In this case, however, we have premises about percentages, and a conclusion that is ALSO about percentages. Becoming increasingly disconnected is another way of saying less likely to participate, such as by voting, and "likely" is a percentages concept. Voting in lower percentages means a smaller portion of the group votes, and the size of the group doesn't matter. So the problem here is NOT about a bad use of numbers and percentages. Instead, it's about an improper use of data.

Young adults vote less, while older people vote more. If we accept that this is regularly the case, as the stimulus says, then as today's young people age, they should start voting in higher percentages. It's not that generations are becoming less connected - it's that they become MORE connected as they age! You can't just look at 20-somethings and 70-somethings in 1985. You have to look at those 20-somethings in 1985 and then look at the same people again in 1995 and 2005 and 2015, as they become 30-something and 40-something and 50-something, and see if they change. If they continue to vote in low percentages, the author might be onto something, but if they increase their participation (which the stimulus indicates does happen) then the author is off-base. That's the issue - a snapshot of two groups at one moment in time tells you nothing about how one or the other group may change over time. That's what answer A is about.

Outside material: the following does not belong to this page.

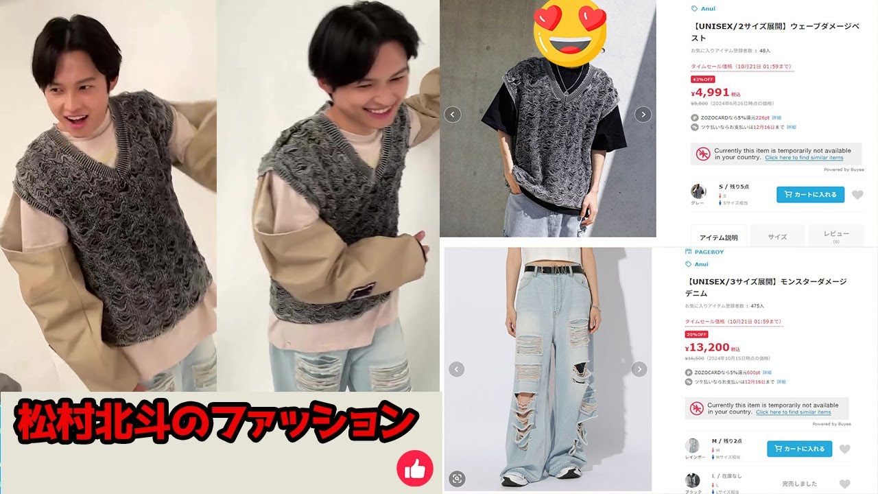ファッションに詳しいファンの間では、このベストが特に注目を集めています。その理由は、シンプルでありながらも視覚的に強いインパクトを与えるデザインだからです。ウェーブデザインのダメージ加工は、普段のコーディネートに少し冒険心を取り入れたい人にもおすすめです。ファンからは「このベストが北斗の知的で洗練されたイメージにぴったり」との声が多く寄せられています。

B is wrong because numbers don't matter if all we are concerned with is percentages or likelihood.
C is wrong because the author doesn't have to explain the phenomenon. That's not a flaw.
D is wrong because the author didn't mix up cause and effect. The cause, he thinks, is being less connected, and the effect is voting less.
E is wrong because his argument is about what has been happening, not about what will happen later. It's not about whether the pattern will change, but whether the pattern he thinks he sees really exists.